Antes, cuando había más supervivientes en general, este número de supervivientes reunidos atraería como mucho a uno o doscientos zombis voraces.
Ahora, sin embargo, había más de seiscientos zombis persiguiendo a dieciséis personas.
«¡Llama a Mood-Swinger!» Grité hacia Kim Hyeong-jun.
En lugar de responderme, Kim Hyeong-Jun dio órdenes a Mood-Swinger.
«¡Hazlos retroceder, Mood-Swinger!»
«¡Ar.… no… ld!»
Mood-Swinger empezó a hacer ruidos de garganta mientras se ponía a cuatro patas.
«Krrr…»
De su cuerpo empezó a salir vapor caliente.
Su piel de color cobrizo claro se fue oscureciendo poco a poco, hasta que todo su cuerpo se volvió marrón oscuro. Mood-Swinger soltó un rugido atronador y cargó hacia los zombis.
«¡¡¡KRRR!!!»
¡Bang!
Los fragmentos de asfalto se esparcieron como los de una granada. Antes de que nos diéramos cuenta, Mood-Swinger había desaparecido ante nuestros ojos con un fuerte estampido.
Recordé cómo, quince días atrás, Kim Hyeong-Jun había comentado lo loco que estaba el cuerpo de Mood-Swinger después de transformarse. Me había dicho que no había otra forma de describir su cuerpo que con la palabra «loco». Por fin me di cuenta de lo que quería decir con eso.
Habíamos traído a este mundo un monstruo único.
Se me cayó la mandíbula al suelo cuando vi el movimiento de Mood-Swinger. Si Mood-Swinger nos atacaba, sería el último día de nuestras vidas.
Mood-Swinger apareció frente a los zombis que se acercaban en un instante, como si hubiera adquirido la capacidad de teletransportarse.
Me pregunté si se movía a la misma velocidad que yo. Tal vez fuera incluso más rápido que yo.
Pero, sobre todo, su fuerza era muy superior a la mía.
Mood-Swinger había perdido su inteligencia, pero era capaz de obtener un poder que no podía describirse con palabras.

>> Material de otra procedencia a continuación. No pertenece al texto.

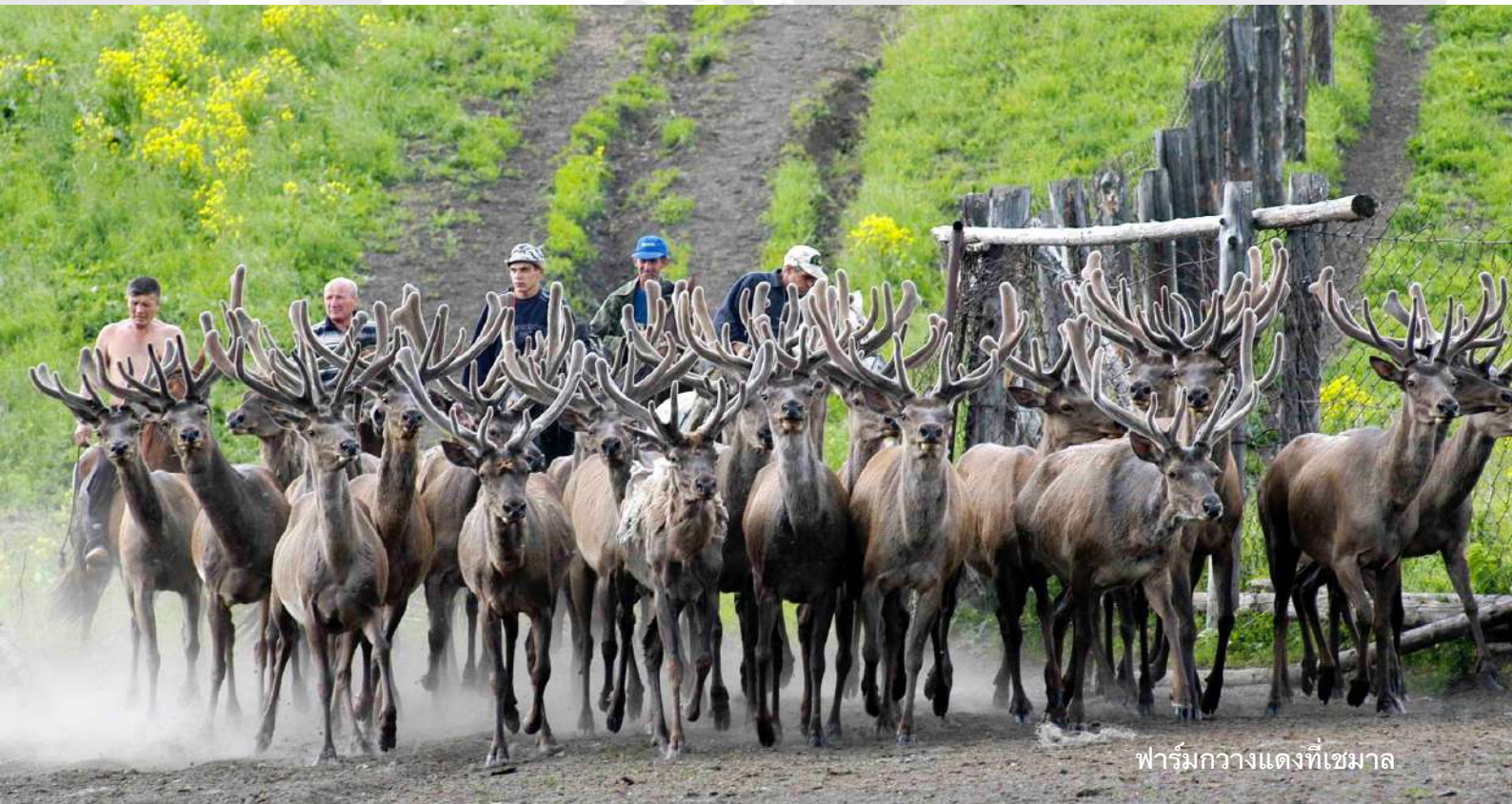
ฟาร์มกวางแดงที่เชมาล

18.00 น. รับประทานอาหารค่ำ พักผ่อนตามอัยาศัย ณ โรงแรม Salyut หรือเทียบเท่า (N3)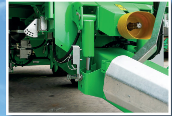
Hydraulische Federung der Deichsel und der Achsen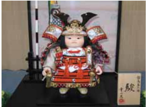
凛々しい五月人形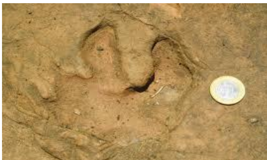
Figura 2: Geossítio, Pegadas de Dinossauros de Nioaque. Icnofósseis/Formação Botucatu.

A riqueza geológica do município de Nioaque permitiu que no Geopark Bodoquena-Pantanal fosse criado o primeiro núcleo do Geopark estabelecendo um protocolo de cooperação e um Plano de Trabalho. Segundo Soares et al. , (2014) os Núcleos são estabelecidos em parceria com Prefeituras, ONGs, empresários privados, entidades que assegurem estabilidade ao projeto e garantam o espaço, equipamentos e os recursos humanos. De acordo com os autores, o objetivo destes polos é que sejam centros dinamizadores das Geociências e promovam a divulgação da cultura científica atuando também como Centro de Visitantes e ou de Atendimento a Turistas.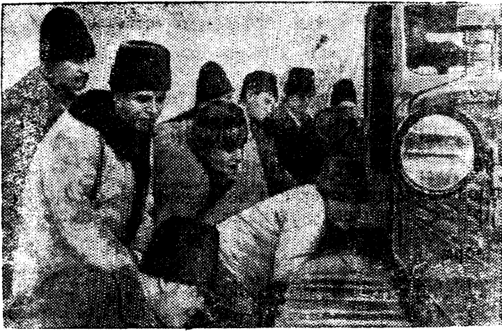
Колхозники недавно организованного колхоза "Новая жизнь" (село Кыцканы, Бендерский уезд) осматривают первый трактор, прибывший для обслуживания весенне-посевной кампании.

Каждый день в Молдавскую ССР прибывают десятки новых тракторов, которые прямо со станции отправляются во вновь организованные МТС и колхозы республики.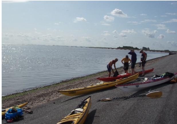
de dijk bij Spijksterpompen (Vierhuizen)

alternatieven een strandje iets meer naar het westen waar de dijk naar het zuiden afbuigt (alleen met hoog water), de hoek van dezelfde dijk als deze weer naar het westen afbuigt (1 km lopen over verharding onder aan de dijk om dat punt te bereiken) en Vierhuizen (zie hieronder).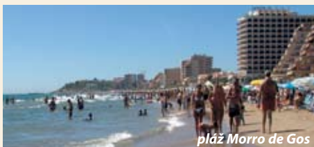
pláž Morro de Gos

Turistům je k dispozici celkem 27 klimatizovaných dvoulůžkových pokojů se 2 pevnými lůžky nebo manželskou postelí, vlastní sociální zařízení se sprchovým koutem nebo vanou, balkónem, lednicí a TV. Stravování v režimu polopenze nebo plné penze je formou bufetu v klimatizované hotelové restauraci. V ceně hlavního jídla je zahrnut i jeden nápoj - (2-3 dcl) balená voda, limo, pivo, víno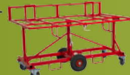
JONEX PLATEBORDVOGN Platevogn for gips, sponplater, glass mm. (side 186)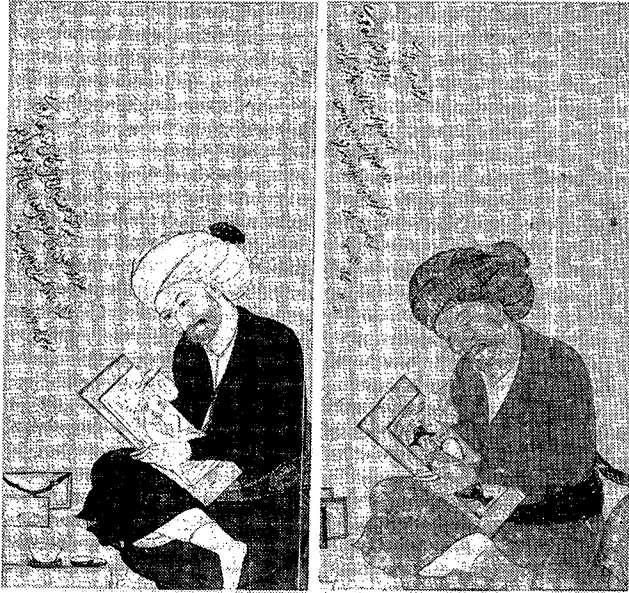
تصویر ۲- بزرگنمایی: رضا عباسی در حال نقاشی، به امضای معین مصور، اصفهان، ۱۰۸۷ هجری، اندازه تصویر ۱۱×۱۹ سانتی متر، مجموعه گارت (۹۶ جی)، کتابخانه‌های دانشگاه پرینستون.

استادم رضا عباسی مشهور به رضا عباسی اصغر به تاریخ شهر شوال با اقبال سنه ۱۰۴۴ آبرنگ گردیده بود که در شهر ذوقعه الحرام شهر مذکور از دارفنا به عالم بقا رحلت نمود و این شبیه بعد از چهل سال در چهاردهم شهر رمضان المبارک سنه ۱۰۸۴ حسب القرموده فرزندی محمد نصیرا به اتمام رسانید. معین مصور غفر عنه ذنوبه" (Ibid).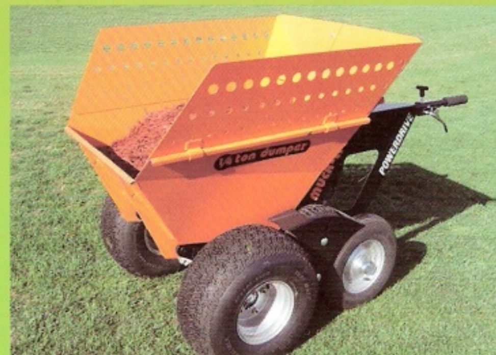
Nástavce na korbu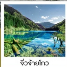
จั๋วจ้ายโกว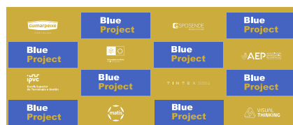
Conheça os parceiros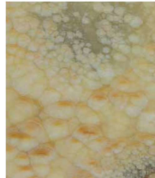
Z02 墨西哥黃玉 Mexican Topaz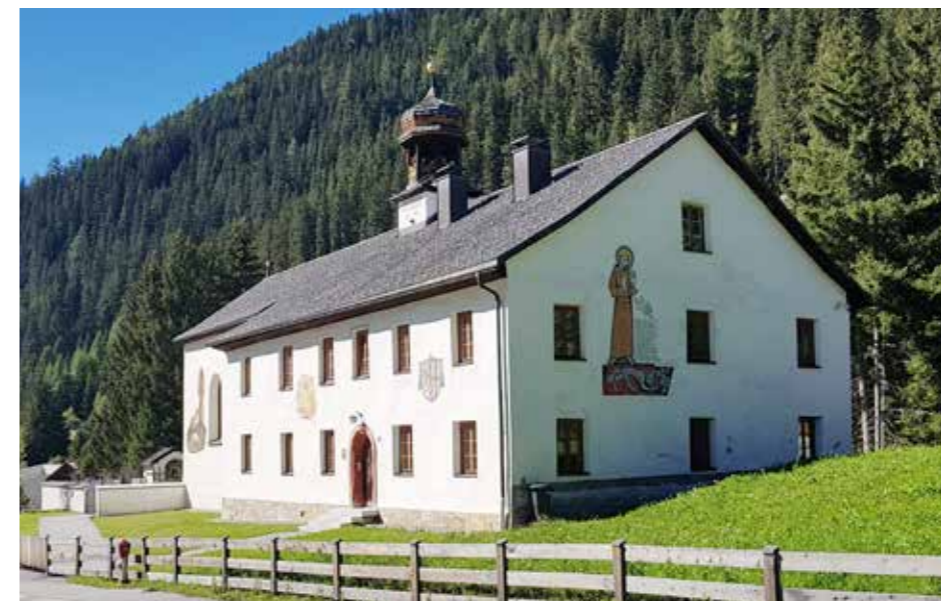
Die Kirche ist in einem bei uns ungewöhnlichen Verbund mit dem Widum erbaut.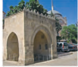
İbşir Paşa Kasteli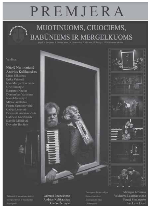
Telšių rajono savivaldybės Žemaitės teatro spektaklio „Muotinuoms, ciuciems, babūniems ir mergelkuoms“ premjerai skirtas plakatas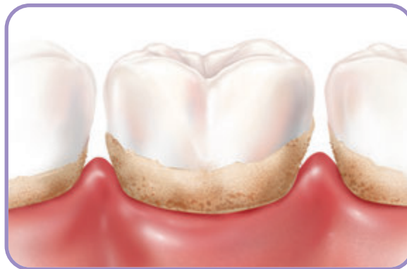
Formação de placa e tártaro.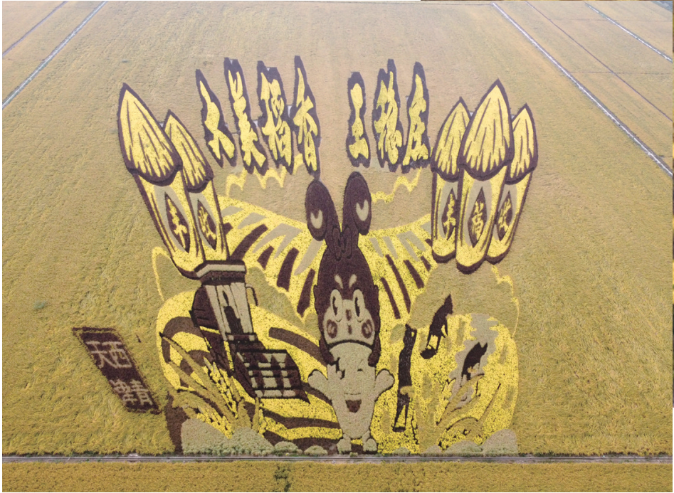
天津市西青区王稳庄镇种植的稻田画（10月8日摄，无人机照片）。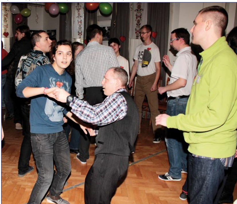
Uczestnicy warsztatów terapii zajęciowej z Malborka, Dzierzgonia, Koniecwałdu i Kwidzyna oraz wychowanki Młodzieżowego Ośrodka Wychowawczego w Kwidzynie bawili się podczas walentynkowej imprezy w siedzibie kwidzyńskiego WTZ w Górkach.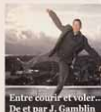
Entre courir et voler... De et par J. Gamblin

No debería tener problemas para enfrentarse a una criatura negra».
Mood-Swinger ya no era un mutante ordinario. Era seguro decir que era como el T-800 que aparecía en las películas. De hecho, podría ser más fuerte que eso.
Gracias a Mood-Swinger, pudimos encargarnos fácilmente de los zombis callejeros.
Mientras Mood-Swinger mordisqueaba los cadáveres de los zombis, miré a mi alrededor y me dirigí a Kim Hyeong-jun.
«Allí está la entrada principal del Hospital Universitario Konkuk. ¿Puedes ir a por vendas y jeringuillas desechables mientras nos reunimos con los supervivientes de Gangnam?».
«No te preocupes. ¿Debo ir al Bosque de Seúl después de conseguir todo?»
«Si vienes, hazlo por Achasan-ro. Así no nos perderemos».
«De acuerdo.»
Cuando terminé de hablar con Kim Hyeong-Jun, caminé hacia los guardias. Me di cuenta de que el sol había empezado a ponerse, sumergiéndose lentamente bajo el horizonte hacia el oeste.
No teníamos tiempo que perder.
Un momento después, Hwang Ji-Hye se acercó a mí.
«Deberíamos ponernos en marcha antes de que sea demasiado tarde».
«Todos, quédense cerca, ahora que Hyeong-Jun ya no está.»
«Lo haremos.»
Hwang Ji-Hye ordenó a los guardias que estaban recuperando sus flechas que se prepararan para moverse.
Nos dirigimos al Bosque de Seúl con la puesta de sol.
* * *
Cuando llegamos al Bosque de Seúl, ya estaba completamente oscuro.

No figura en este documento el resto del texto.